An exact copy is needed of the lines in the entries below from the line with "Houston Sabercats vs" up to and including the line with "يقع مدرب منتخب", and of nothing else. Leave the pictures out.

• **Excerpted data**
________________________________________

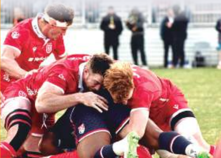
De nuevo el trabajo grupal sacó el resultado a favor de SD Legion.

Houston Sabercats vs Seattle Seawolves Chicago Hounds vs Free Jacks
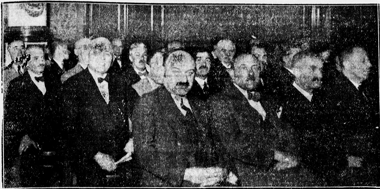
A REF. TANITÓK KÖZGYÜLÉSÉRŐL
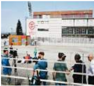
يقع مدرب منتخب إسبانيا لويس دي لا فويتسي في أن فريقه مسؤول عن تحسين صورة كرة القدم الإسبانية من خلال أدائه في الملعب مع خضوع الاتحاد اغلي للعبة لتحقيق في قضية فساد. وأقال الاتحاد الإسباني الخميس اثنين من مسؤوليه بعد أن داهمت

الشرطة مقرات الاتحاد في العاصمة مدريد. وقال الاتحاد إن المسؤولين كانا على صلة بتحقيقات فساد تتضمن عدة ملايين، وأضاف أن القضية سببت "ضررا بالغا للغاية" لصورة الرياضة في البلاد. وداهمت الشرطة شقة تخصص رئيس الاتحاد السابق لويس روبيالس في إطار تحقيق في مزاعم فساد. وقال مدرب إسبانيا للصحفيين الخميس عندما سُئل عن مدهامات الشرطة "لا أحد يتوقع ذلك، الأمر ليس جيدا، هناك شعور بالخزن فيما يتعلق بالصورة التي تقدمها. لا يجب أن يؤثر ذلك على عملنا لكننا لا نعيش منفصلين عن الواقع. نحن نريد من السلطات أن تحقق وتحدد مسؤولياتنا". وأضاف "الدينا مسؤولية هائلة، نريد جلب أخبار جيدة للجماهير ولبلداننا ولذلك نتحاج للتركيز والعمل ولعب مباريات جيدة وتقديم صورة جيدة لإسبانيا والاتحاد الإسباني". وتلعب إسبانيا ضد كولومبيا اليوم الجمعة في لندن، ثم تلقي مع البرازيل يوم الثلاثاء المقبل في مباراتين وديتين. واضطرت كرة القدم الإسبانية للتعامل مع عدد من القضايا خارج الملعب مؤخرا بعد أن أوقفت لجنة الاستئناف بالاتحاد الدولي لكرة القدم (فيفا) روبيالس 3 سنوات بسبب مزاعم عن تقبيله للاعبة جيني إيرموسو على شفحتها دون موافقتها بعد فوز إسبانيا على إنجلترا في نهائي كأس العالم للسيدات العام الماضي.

________________________________________

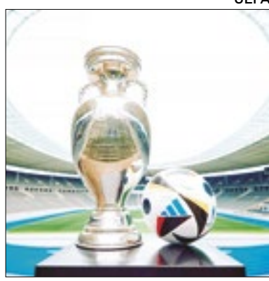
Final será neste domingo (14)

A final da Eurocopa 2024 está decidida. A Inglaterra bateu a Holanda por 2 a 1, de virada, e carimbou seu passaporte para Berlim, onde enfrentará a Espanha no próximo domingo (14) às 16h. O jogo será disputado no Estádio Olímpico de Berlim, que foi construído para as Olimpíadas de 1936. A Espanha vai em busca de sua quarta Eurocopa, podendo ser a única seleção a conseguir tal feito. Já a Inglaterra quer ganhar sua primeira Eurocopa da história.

________________________________________

• **Final answer**
Houston Sabercats vs Seattle Seawolves Chicago Hounds vs Free Jacks
A REF. TANITÓK KÖZGYÜLÉSÉRŐL
يقع مدرب منتخب إسبانيا لويس دي لا فويتسي في أن فريقه مسؤول عن تحسين صورة كرة القدم الإسبانية من خلال أدائه في الملعب مع خضوع الاتحاد اغلي للعبة لتحقيق في قضية فساد. وأقال الاتحاد الإسباني الخميس اثنين من مسؤوليه بعد أن داهمت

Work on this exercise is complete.